» **Brief**
Print out every line of the material exactly. Include no pictures.

» **Provided information**
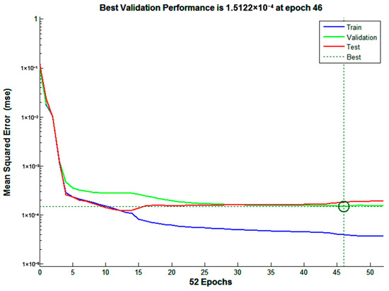A surface model based on BP neural network fitting was established using 50 design point data and target function values. This model reflects the mapping relationship between four optimization parameters and two objective functions. Along with 20 validation data points, the data were imported into Matlab 2018a software, and the Neural Network Toolbox was used to model, train, and validate the network model. Figure 9 shows the BP network training process, from which it can be seen that the mean square error tends to stabilize after the 46th training iteration, and the error decreases by more than three orders of magnitude.
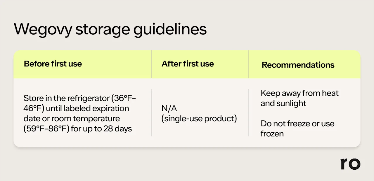 Ideally, Wegovy should be kept refrigerated. But, if necessary, the medication can be stored at room temperature (46°F-86°F) for up to 28 days, as long as the pen remains capped. To help you remember, write down the date you took it out of the fridge (or, better yet, calculate the date 28 days in the future and make a note to toss the pen if you don’t use it by then). When Wegovy isn’t in the fridge, make sure to keep it in its original carton and out of direct sunlight.
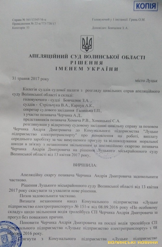 Так, Апеляційний суд вирішив винати незаконним наказ про звільнення водія тролейбуса за прогул без поважних причин. Відповідно, Андрія Черчика поновили на посаду водія тролейбуса з 8 вересня 2016-го року.
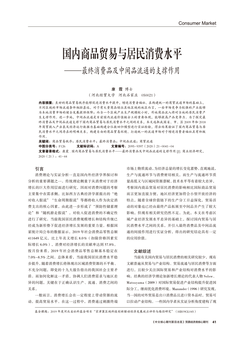 | 国内商品贸易与居民消费水平—最终消费品及中间品流通的支撑作用 |
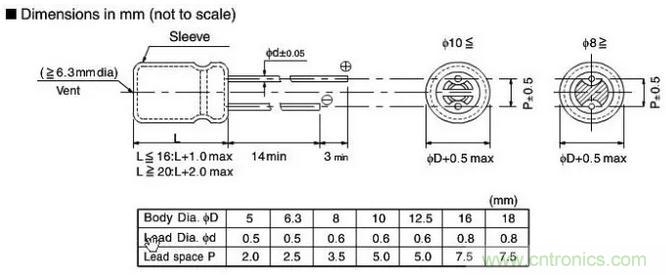 二、直插式電容封裝及尺寸

» **Solution to the problem**
A surface model based on BP neural network fitting was established using 50 design point data and target function values. This model reflects the mapping relationship between four optimization parameters and two objective functions. Along with 20 validation data points, the data were imported into Matlab 2018a software, and the Neural Network Toolbox was used to model, train, and validate the network model. Figure 9 shows the BP network training process, from which it can be seen that the mean square error tends to stabilize after the 46th training iteration, and the error decreases by more than three orders of magnitude.
 Ideally, Wegovy should be kept refrigerated. But, if necessary, the medication can be stored at room temperature (46°F-86°F) for up to 28 days, as long as the pen remains capped. To help you remember, write down the date you took it out of the fridge (or, better yet, calculate the date 28 days in the future and make a note to toss the pen if you don’t use it by then). When Wegovy isn’t in the fridge, make sure to keep it in its original carton and out of direct sunlight.
 Так, Апеляційний суд вирішив винати незаконним наказ про звільнення водія тролейбуса за прогул без поважних причин. Відповідно, Андрія Черчика поновили на посаду водія тролейбуса з 8 вересня 2016-го року.
 | 国内商品贸易与居民消费水平—最终消费品及中间品流通的支撑作用 |
 二、直插式電容封裝及尺寸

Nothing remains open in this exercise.